Data extracted from a collection:
=-=-=

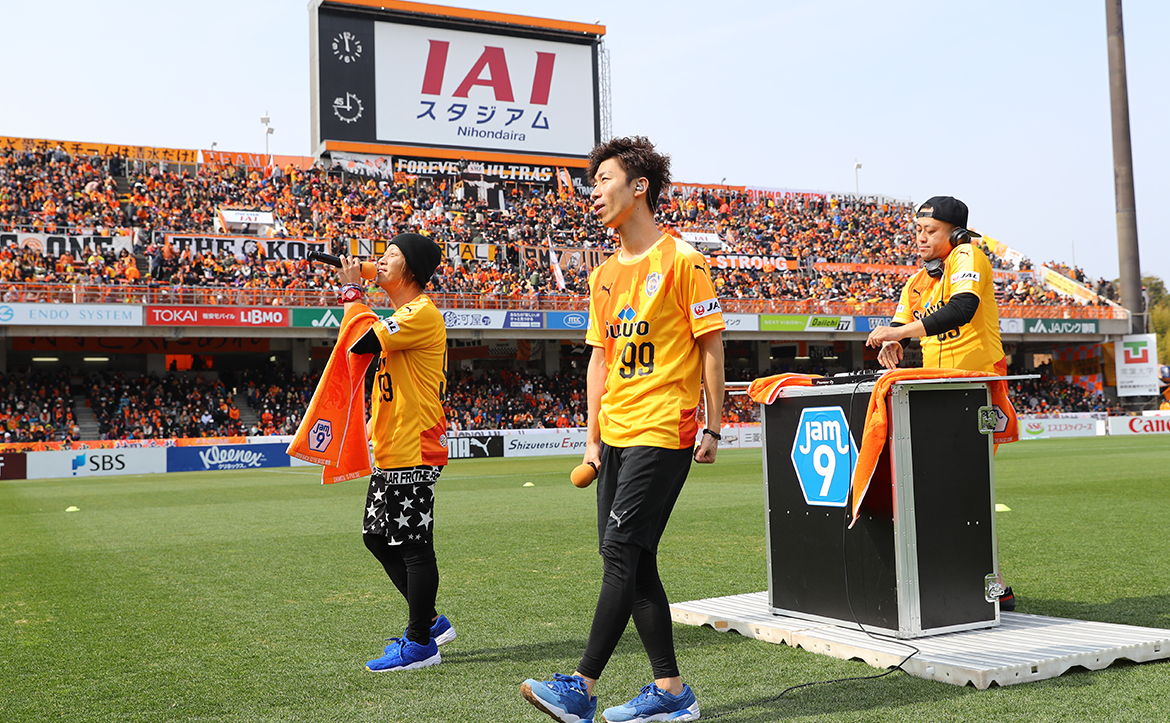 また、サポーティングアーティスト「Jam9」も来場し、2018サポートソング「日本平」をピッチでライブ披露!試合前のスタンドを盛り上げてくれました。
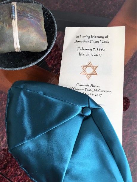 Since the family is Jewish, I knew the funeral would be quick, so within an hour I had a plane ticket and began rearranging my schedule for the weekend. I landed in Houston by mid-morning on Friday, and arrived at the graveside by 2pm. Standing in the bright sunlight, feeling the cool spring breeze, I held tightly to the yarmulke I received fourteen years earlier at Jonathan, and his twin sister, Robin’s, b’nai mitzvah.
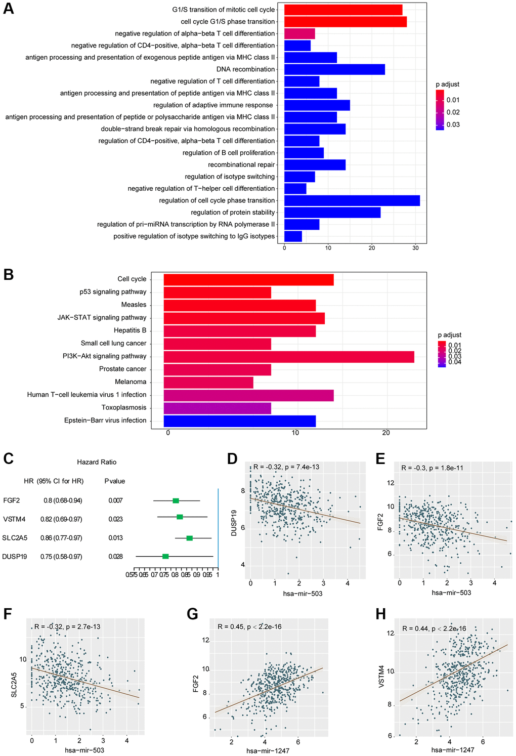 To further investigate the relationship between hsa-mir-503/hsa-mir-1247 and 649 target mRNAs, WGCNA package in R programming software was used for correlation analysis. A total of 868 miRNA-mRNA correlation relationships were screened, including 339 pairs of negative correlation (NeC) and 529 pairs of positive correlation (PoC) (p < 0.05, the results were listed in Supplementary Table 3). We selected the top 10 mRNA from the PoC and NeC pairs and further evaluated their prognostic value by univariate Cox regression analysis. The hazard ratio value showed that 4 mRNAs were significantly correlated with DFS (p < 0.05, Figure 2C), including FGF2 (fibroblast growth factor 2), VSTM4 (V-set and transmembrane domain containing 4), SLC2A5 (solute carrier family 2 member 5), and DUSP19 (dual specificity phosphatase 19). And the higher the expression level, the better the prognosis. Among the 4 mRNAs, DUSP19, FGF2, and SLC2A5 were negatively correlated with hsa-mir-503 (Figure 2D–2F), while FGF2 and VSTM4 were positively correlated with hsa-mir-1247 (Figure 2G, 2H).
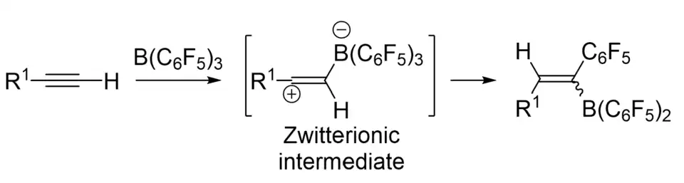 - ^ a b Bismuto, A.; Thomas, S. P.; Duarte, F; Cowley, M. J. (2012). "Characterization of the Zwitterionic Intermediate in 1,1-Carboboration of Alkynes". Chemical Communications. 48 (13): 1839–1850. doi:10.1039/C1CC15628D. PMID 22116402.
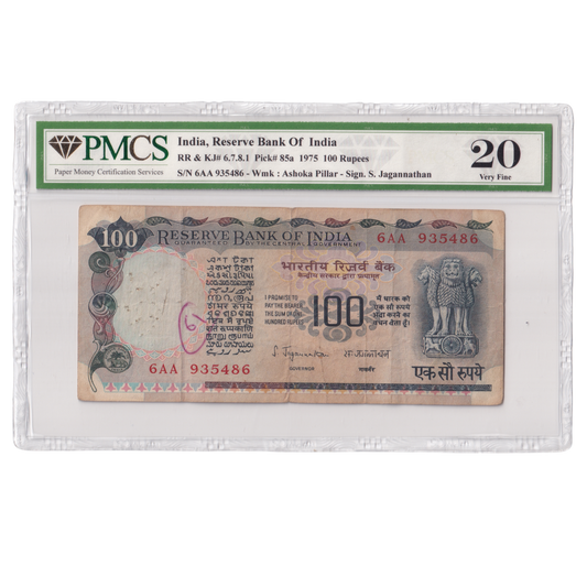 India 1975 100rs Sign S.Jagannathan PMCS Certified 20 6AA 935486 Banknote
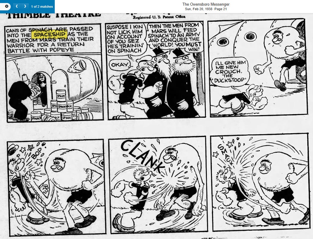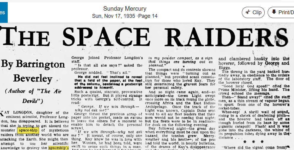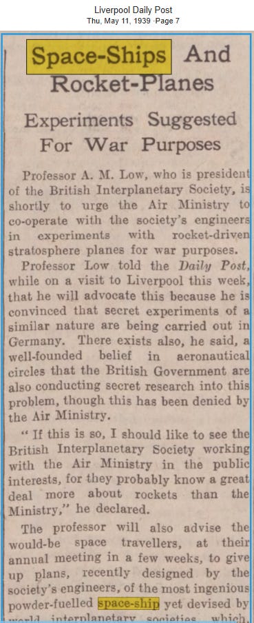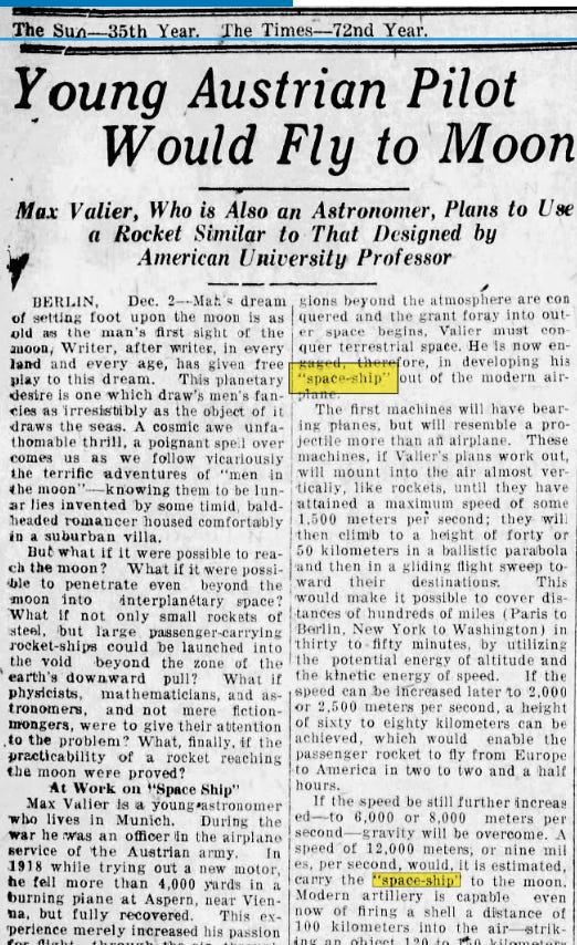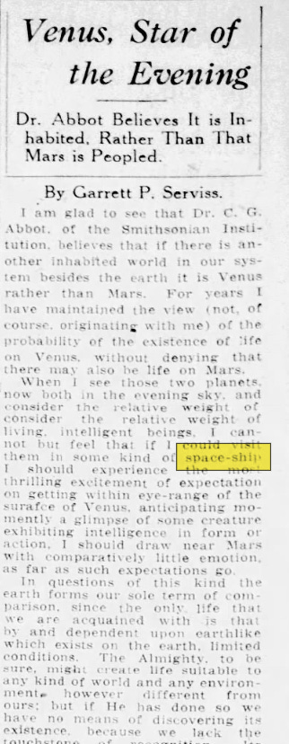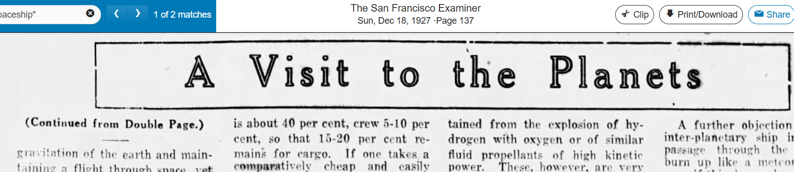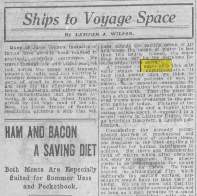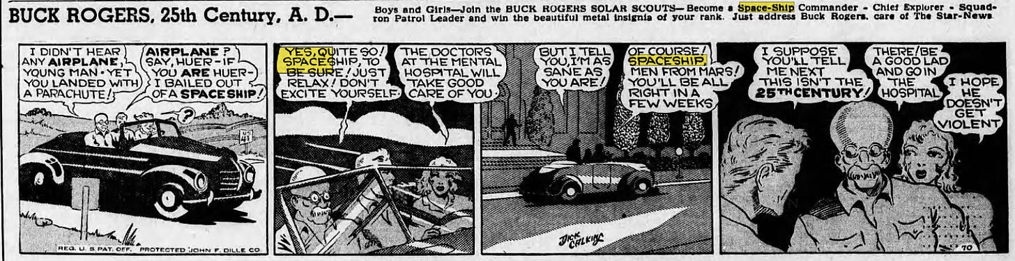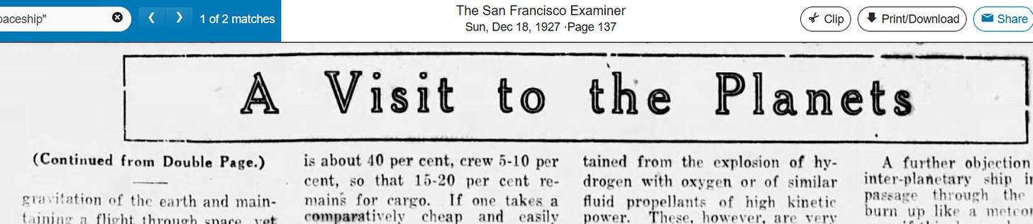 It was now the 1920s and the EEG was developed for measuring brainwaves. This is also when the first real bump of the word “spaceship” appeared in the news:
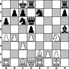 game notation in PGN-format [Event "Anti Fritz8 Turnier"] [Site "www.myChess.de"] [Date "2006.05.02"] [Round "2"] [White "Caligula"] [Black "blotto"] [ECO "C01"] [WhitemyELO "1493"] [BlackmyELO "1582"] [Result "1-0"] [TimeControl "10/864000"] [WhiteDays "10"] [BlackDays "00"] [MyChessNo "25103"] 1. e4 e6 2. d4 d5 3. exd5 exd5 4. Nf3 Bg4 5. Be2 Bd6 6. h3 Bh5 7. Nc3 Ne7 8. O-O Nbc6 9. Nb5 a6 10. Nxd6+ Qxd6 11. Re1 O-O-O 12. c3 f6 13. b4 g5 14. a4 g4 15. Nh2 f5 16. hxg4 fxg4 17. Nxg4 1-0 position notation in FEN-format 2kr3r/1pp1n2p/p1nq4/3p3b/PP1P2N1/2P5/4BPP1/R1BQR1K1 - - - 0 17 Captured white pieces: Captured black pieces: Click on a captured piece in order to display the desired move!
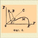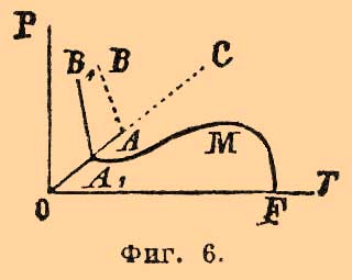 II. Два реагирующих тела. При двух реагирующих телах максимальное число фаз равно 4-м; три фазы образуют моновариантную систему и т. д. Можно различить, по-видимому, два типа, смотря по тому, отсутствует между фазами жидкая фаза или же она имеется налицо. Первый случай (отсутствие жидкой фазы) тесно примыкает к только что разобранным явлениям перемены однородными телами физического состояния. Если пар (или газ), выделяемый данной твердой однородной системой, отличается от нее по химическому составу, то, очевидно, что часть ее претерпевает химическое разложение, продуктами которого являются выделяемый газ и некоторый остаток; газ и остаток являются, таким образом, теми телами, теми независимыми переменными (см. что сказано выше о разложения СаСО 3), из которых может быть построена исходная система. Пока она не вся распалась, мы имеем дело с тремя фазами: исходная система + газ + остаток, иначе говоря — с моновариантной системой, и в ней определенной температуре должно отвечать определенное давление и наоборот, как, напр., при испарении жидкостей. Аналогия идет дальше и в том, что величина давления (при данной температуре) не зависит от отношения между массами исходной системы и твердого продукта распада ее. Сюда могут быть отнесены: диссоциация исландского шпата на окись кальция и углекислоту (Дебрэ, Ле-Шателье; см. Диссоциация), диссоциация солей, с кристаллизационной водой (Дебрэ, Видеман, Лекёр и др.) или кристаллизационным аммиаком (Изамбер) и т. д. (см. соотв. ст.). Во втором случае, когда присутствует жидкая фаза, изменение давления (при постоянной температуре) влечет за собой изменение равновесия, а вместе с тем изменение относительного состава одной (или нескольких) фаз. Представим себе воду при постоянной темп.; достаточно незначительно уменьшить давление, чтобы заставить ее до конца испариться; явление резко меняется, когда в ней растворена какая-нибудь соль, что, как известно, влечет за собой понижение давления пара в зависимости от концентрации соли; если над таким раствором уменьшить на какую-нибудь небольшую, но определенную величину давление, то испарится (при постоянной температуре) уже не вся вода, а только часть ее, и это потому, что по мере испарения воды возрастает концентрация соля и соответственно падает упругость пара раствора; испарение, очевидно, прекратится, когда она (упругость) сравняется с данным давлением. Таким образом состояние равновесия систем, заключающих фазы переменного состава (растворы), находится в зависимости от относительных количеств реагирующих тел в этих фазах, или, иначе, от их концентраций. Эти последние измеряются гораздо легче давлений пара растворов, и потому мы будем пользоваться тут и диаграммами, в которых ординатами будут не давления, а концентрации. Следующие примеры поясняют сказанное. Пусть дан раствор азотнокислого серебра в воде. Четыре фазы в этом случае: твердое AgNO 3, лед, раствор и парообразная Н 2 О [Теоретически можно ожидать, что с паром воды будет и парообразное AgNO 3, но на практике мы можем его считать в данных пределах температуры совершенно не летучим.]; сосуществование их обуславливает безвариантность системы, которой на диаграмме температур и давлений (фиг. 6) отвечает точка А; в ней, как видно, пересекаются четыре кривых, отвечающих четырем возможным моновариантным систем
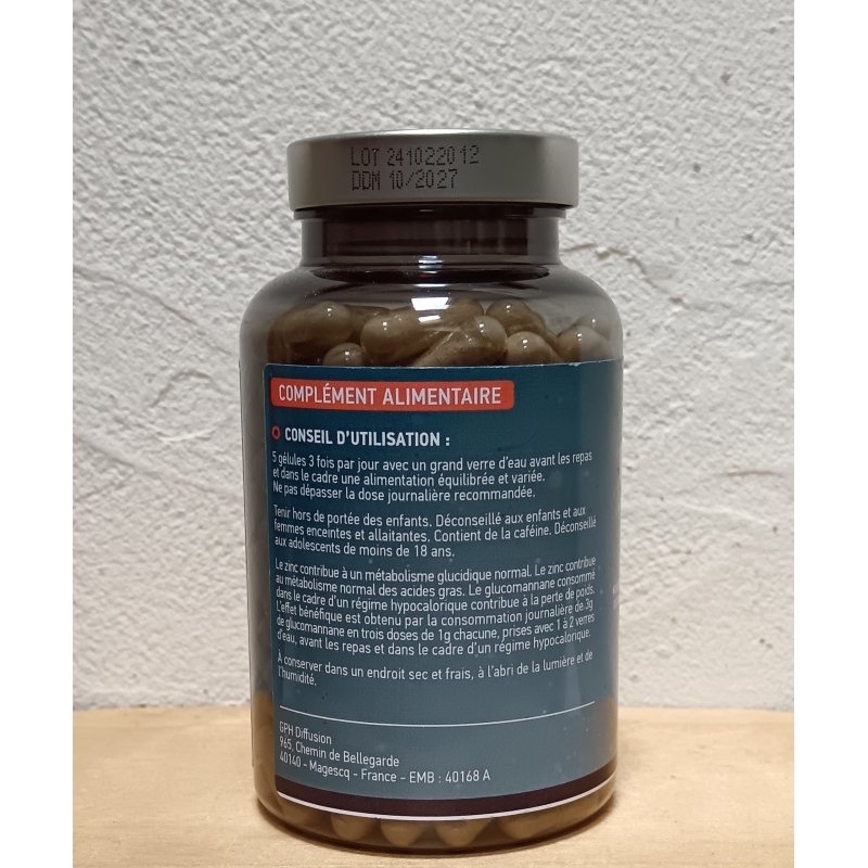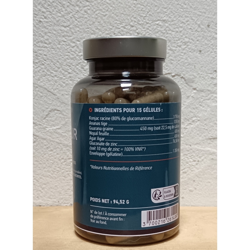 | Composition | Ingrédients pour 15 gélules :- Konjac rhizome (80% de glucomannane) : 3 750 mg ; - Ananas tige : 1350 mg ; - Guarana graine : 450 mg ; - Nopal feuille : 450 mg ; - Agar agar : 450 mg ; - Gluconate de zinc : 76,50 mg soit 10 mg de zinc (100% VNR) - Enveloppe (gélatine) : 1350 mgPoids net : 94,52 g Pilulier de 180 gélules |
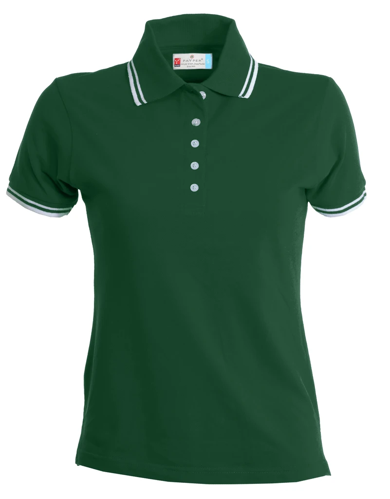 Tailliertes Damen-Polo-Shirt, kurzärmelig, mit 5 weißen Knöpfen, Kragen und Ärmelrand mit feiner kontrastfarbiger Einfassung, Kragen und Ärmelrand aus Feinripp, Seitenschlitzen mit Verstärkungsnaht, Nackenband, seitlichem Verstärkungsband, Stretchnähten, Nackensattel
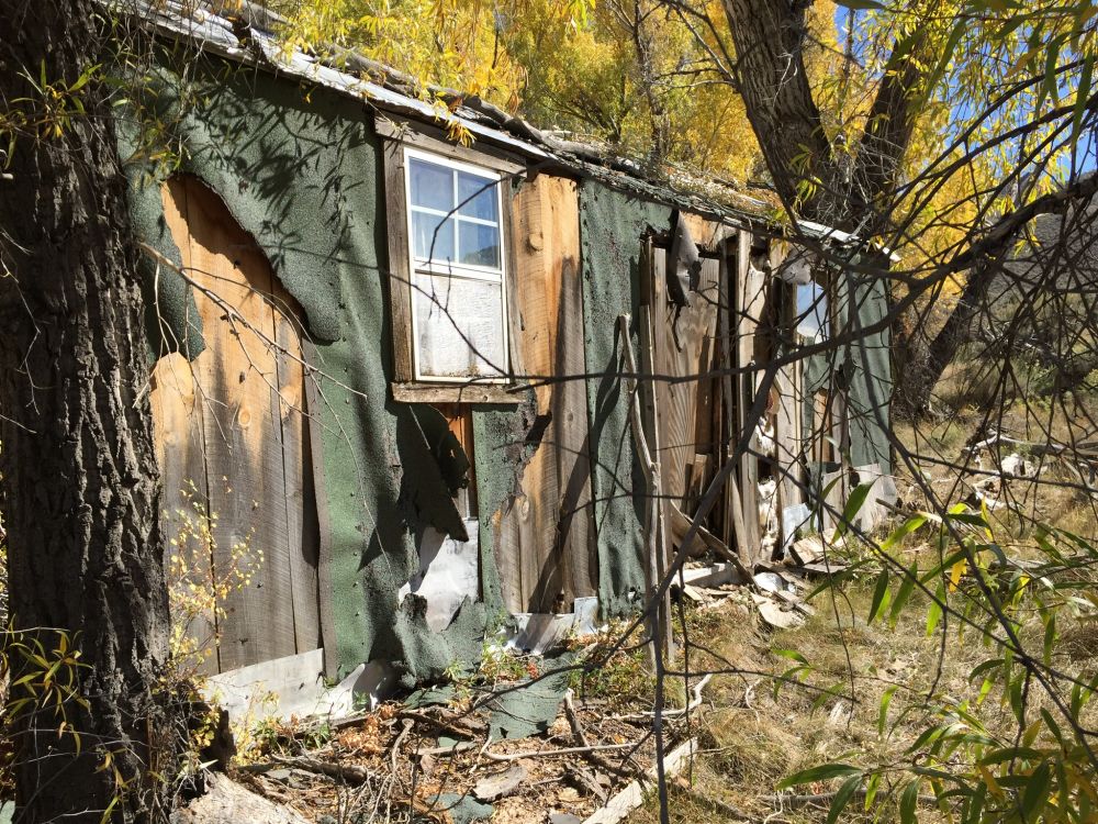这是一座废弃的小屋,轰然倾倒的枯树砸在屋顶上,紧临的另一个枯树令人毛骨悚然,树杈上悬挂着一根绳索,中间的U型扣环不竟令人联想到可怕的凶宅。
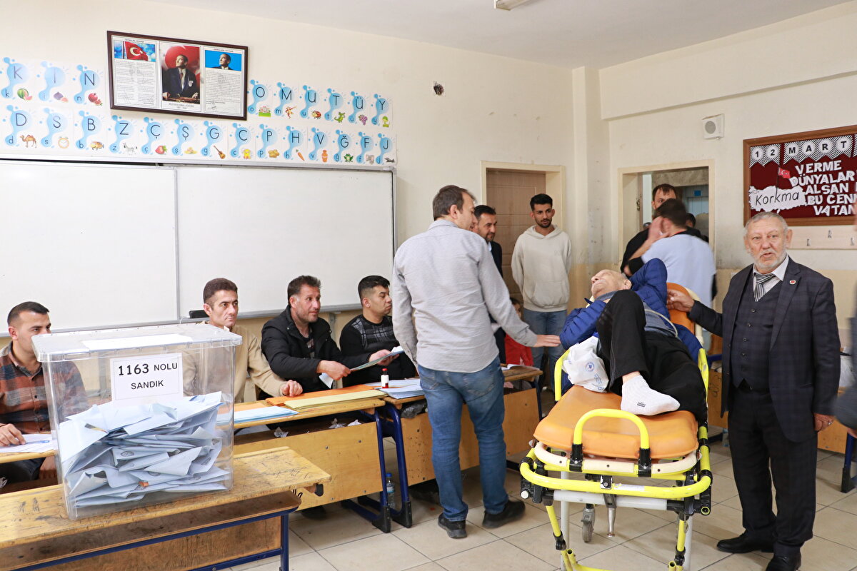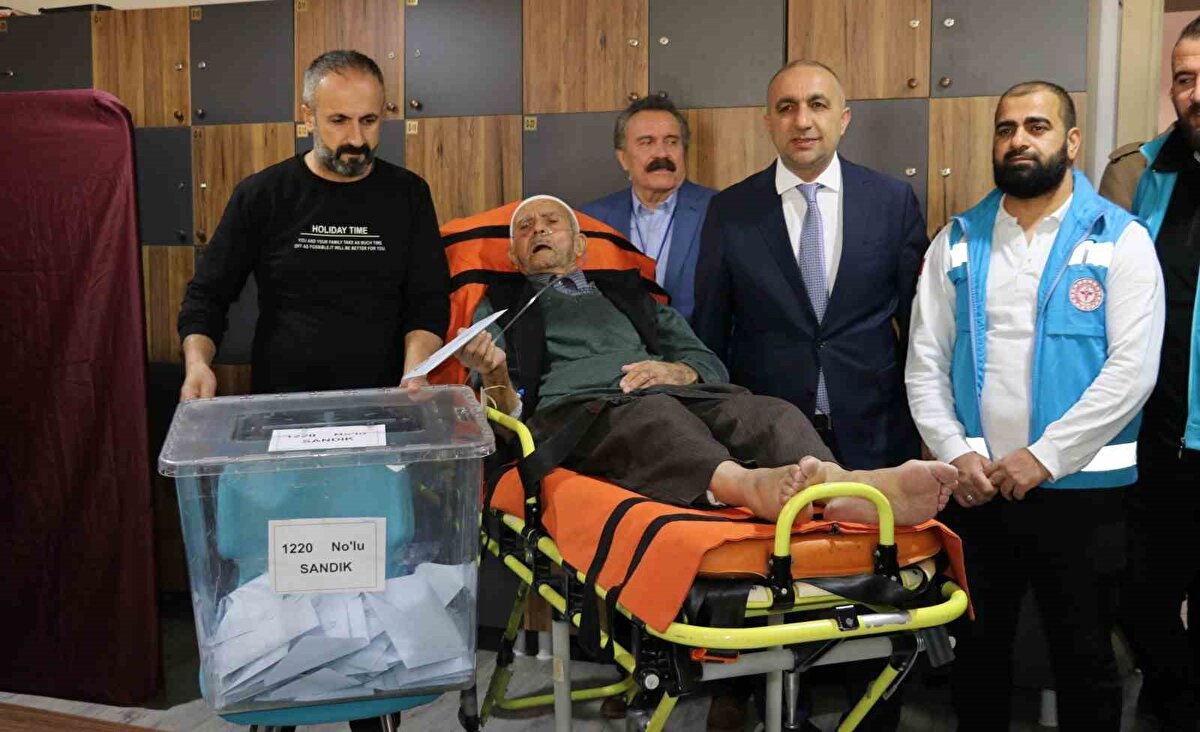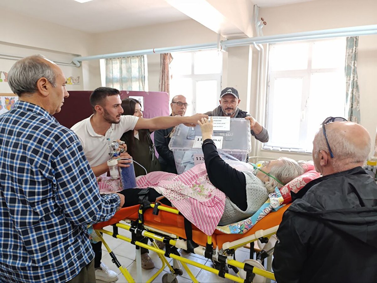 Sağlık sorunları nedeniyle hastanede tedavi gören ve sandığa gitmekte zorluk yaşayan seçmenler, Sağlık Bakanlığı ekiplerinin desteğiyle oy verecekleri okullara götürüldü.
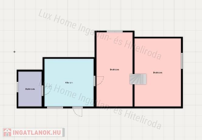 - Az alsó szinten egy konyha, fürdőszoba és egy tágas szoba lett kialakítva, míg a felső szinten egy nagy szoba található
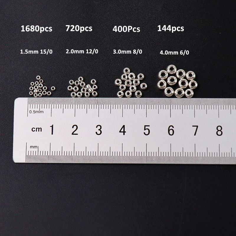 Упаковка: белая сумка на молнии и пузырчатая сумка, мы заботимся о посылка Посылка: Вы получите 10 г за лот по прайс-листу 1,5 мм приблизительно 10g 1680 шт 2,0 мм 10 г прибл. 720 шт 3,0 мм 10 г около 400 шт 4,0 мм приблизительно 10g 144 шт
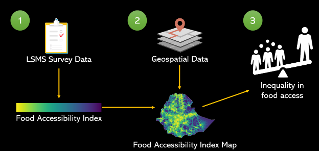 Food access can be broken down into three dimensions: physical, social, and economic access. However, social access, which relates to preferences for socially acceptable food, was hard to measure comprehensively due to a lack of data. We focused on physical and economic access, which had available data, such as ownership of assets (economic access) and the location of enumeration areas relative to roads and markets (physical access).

=-=-=

### What you are asked to do
Write out each line of the data above exactly, starting at the top and finishing with the line containing "To further investigate"; omit the pictures.

### Answer box
 また、サポーティングアーティスト「Jam9」も来場し、2018サポートソング「日本平」をピッチでライブ披露!試合前のスタンドを盛り上げてくれました。
 Since the family is Jewish, I knew the funeral would be quick, so within an hour I had a plane ticket and began rearranging my schedule for the weekend. I landed in Houston by mid-morning on Friday, and arrived at the graveside by 2pm. Standing in the bright sunlight, feeling the cool spring breeze, I held tightly to the yarmulke I received fourteen years earlier at Jonathan, and his twin sister, Robin’s, b’nai mitzvah.
 To further investigate the relationship between hsa-mir-503/hsa-mir-1247 and 649 target mRNAs, WGCNA package in R programming software was used for correlation analysis. A total of 868 miRNA-mRNA correlation relationships were screened, including 339 pairs of negative correlation (NeC) and 529 pairs of positive correlation (PoC) (p < 0.05, the results were listed in Supplementary Table 3). We selected the top 10 mRNA from the PoC and NeC pairs and further evaluated their prognostic value by univariate Cox regression analysis. The hazard ratio value showed that 4 mRNAs were significantly correlated with DFS (p < 0.05, Figure 2C), including FGF2 (fibroblast growth factor 2), VSTM4 (V-set and transmembrane domain containing 4), SLC2A5 (solute carrier family 2 member 5), and DUSP19 (dual specificity phosphatase 19). And the higher the expression level, the better the prognosis. Among the 4 mRNAs, DUSP19, FGF2, and SLC2A5 were negatively correlated with hsa-mir-503 (Figure 2D–2F), while FGF2 and VSTM4 were positively correlated with hsa-mir-1247 (Figure 2G, 2H).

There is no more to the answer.